Нет, я не мог даже представить, какую ношу носила она в самых глубинах души, но постепенно обрел какие-то точки опоры для общения и понимания. Порой она кричала во сне, и я знал: ей снится отец. Когда мои слова или поступки, а чаще – отсутствие своевременных слов и поступков, – причиняли ей боль, она внезапно становилась более дружелюбной, только дружелюбие это было искусственное, отлакированное, дружелюбие попутчиков, один из которых прихватил с собой еду в расчете на долгую дорогу, а другой забыл. Зато через несколько дней она взрывалась из-за какой-нибудь ерунды: то я не вернул на полку железную банку с чаем, то бросил на пол носки. Сила и масштабы ее гнева впечатляли, и единственным возможным выходом было затаиться и хранить молчание, пока не спадет основная волна и Лотте не начнет отступать, прятаться в раковину. В этот момент открывалась щель. Мигом раньше жест перемирия и примирения вызвал бы еще один приступ ярости. Мигом позже она бы уже скрылась под панцирем и закрыла дверь в это странное помещение в нашем доме, где она могла провести много дней и даже недель, не сказав мне ни единого слова. Мне потребовалось много лет, чтобы научиться безошибочно улавливать этот момент, его приближение, и просовывать ногу в щель, спасая нас обоих от наказания безмолвием.
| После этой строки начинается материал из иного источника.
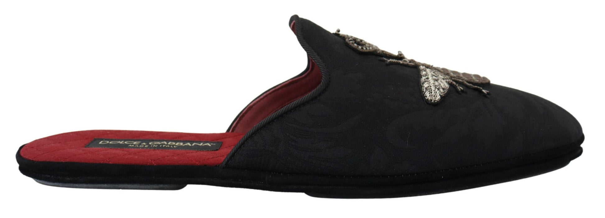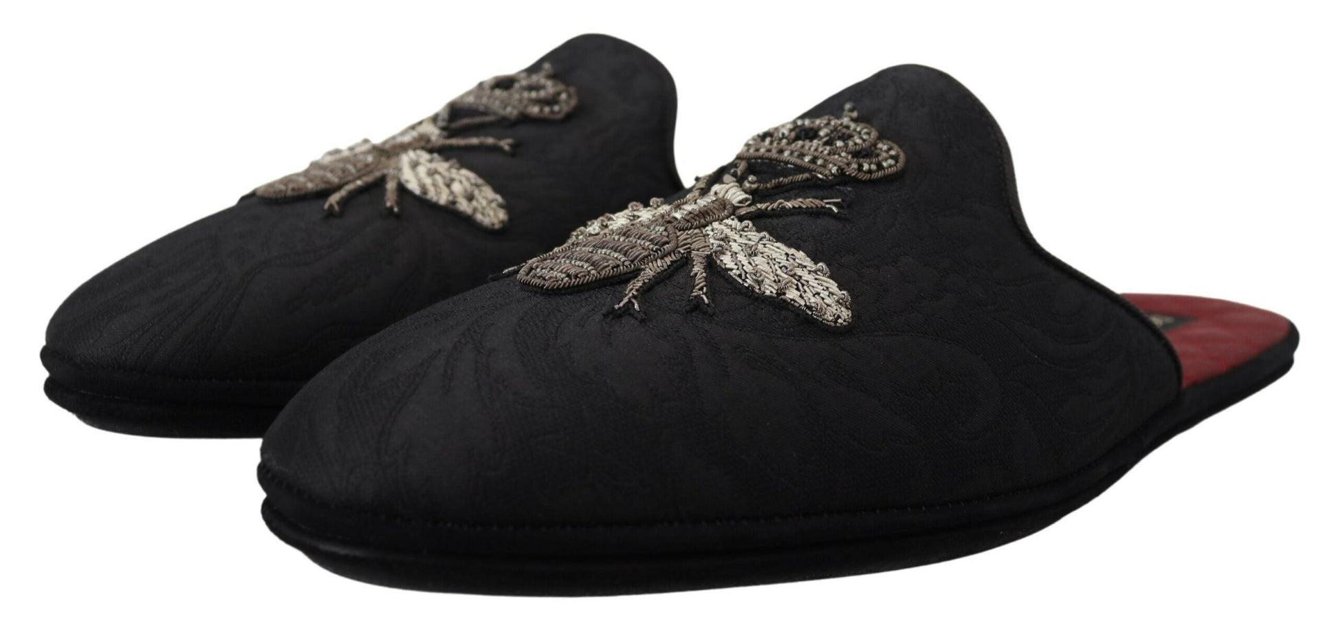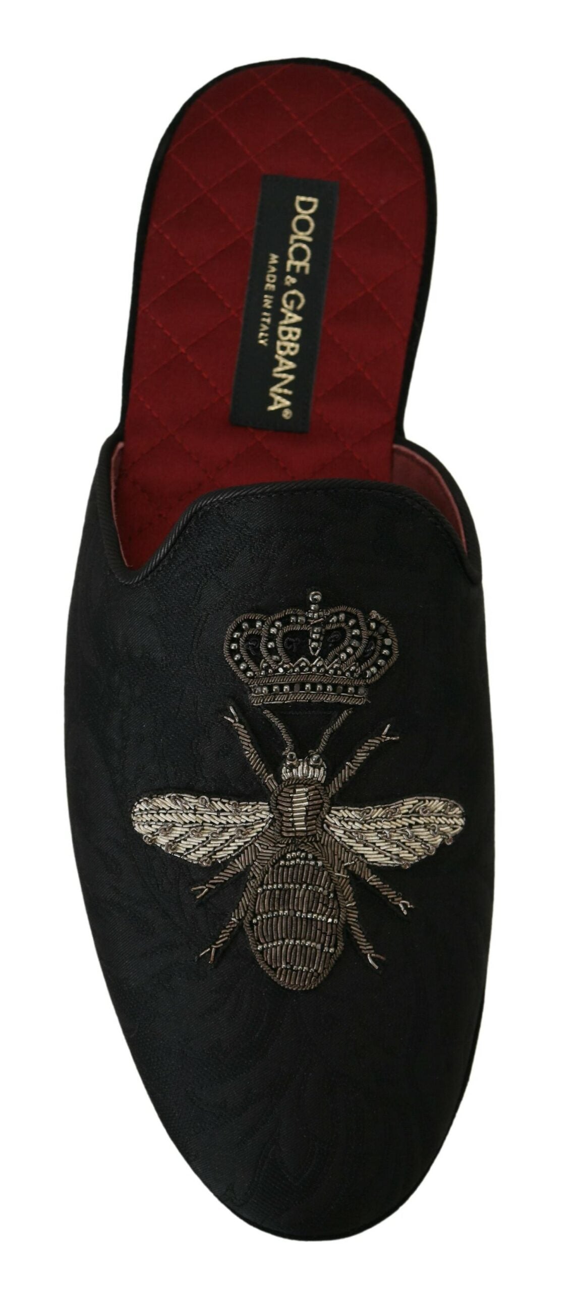 Step into luxury with these exquisite slides from Dolce & Gabbana. These slides aren’t just footwear; they are a statement of elegance with their stunning silver Bee Crown embroidery set against a sleek black backdrop with a contrasting red inner lining. Crafted with a blend of high-quality materials and designed for comfort without compromising on style, they are perfect for adding a touch of sophistication to your casual ensemble. The rubber sole ensures durability and grip, making these sandals as practical as they are stylish. Experience the blend of fashion and functionality, handcrafted in Italy.

Она со своей печалью боролась, пыталась ее скрыть, разделить на все меньшие и меньшие дольки и рассеять в местах, где, как ей думалось, их никто не найдет. Но я находил, со временем – довольно часто, потому что знал, где смотреть, и пытался собрать дольки в целое. Лотте считала, что не может мне открыться, и мне было от этого больно, но я знал, что ей будет еще больнее, пойми она, что я пробрался в тайники ее жизни, которые для меня вовсе не предназначались. Мне кажется, в глубине души она была противницей открытости. Мечтала о славе, но одновременно не хотела, чтобы ее знали. Это оскорбляло ее чувство свободы. Что до меня… Непростое это дело – любить свою половинку всякой, даже раздражительной, даже трудной. Если, конечно, ты не готов слепо боготворить любимую. А я по натуре – не боготворитель. В основе работы любого ученого лежит поиск алгоритмов. Я тоже искал… Думаете, я выстраивал отношения с женой без эмоций, по науке? В таком случае вы совершенно не понимаете, сколь сильные эмоции обуревают истинных ученых. Чем больше я, ученый, постигаю в этой жизни, тем острее чувствую свой голод и свою слепоту, и в то же время ощущаю, что скоро, совсем скоро голоду и слепоте придет конец. Временами мне кажется, что вот – я уже уцепился за край. Край чего? Не рискну произнести, чтобы не показаться смешным. Но пальцы тут же соскальзывают, и я лечу в яму, еще глубже, чем прежде. И там, в темноте, я нахожу слова, чтобы снова поблагодарить за все, что хранит меня от совершенного знания, от самоуверенности.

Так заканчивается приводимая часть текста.